The Art of Being Easy At All Times, and In All Places, Written chiefly for the Use of a Lady of Quality. Made English from the French Original by Edward Combe, A.B. of Merton Coll. Oxon.
[ Deslandes, André François Boureau ].

London: Printed for C. Rivington at the Bible in Crown in St. Paul’s Church Yard, 1724. First English edition. It was first published in 1715 (L’art de ne point s’ennuyer) in both Paris and Amsterdam. Engraved initial letters, borders, and vignettes. A bit of darkstaining to gutter margins of first few gatherings and very faint intermittent dampstaining to lower margins, neither affecting legibility. A very good copy Modern quarter calf over marbled boards, gilt lettered spine with raised bands in five compartments Twelvemo. [22], 163, [1, blank], [ (Item ID: 16631)

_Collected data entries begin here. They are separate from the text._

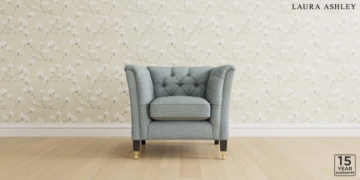 6.12.1 Buy Chatsworth Button Back by Laura Ashley Armchair Anneliese Seaspray Blue Straight Brass Castor - Black from the Laura Ashley online shop Click here to use our website with more accessibility support, for example screen readers
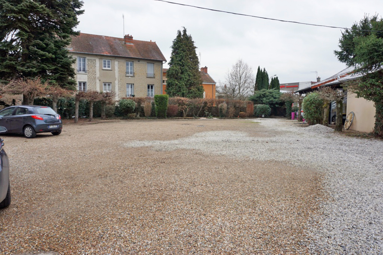 Grand parking privatif pouvant accueillir voitures et autocars.
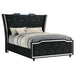 • Queen bed upholstered in a black velvet with tufted wingback silhouette
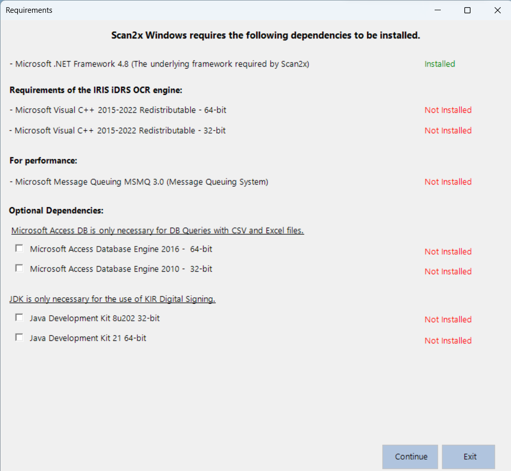 When launches the first time a pop-up with a list of requirements will appear. These requirements are optional to the user and their requirements of Scan2x. The description of each of these requirements has been explained above. The User clicks "Continue".

André François Deslandes (1689-1757) was a French philosopher, Commissioner of the Port of Brest in 1716, a member of the Prussian Academy of Sciences, and a corresponding member of La Rochelle of the Académie des Inscriptions et Belles-Lettres. He was born into a prolific family in Pondichéry; his father was diplomat André Boreau-Delandes and his grandfather was François Martin (1634-1706), the founder and governor of Pondichéry. The Art of Being Easy At All Times is a guide for social conduct, specifically aimed at women. Some of the topics it explores include whether or not studious persons are more subject to “uneasiness” than others, conversing tactfully with women, women being less subject to uneasiness than men, the exile of Ovid (that is, prizing moments that are spent alone), how to enlighten conversation (“sweetness,” “light jesting” and a good sense of humor are more important than wit, especially in polite company), the importance of reading in between business and pleasure, etc.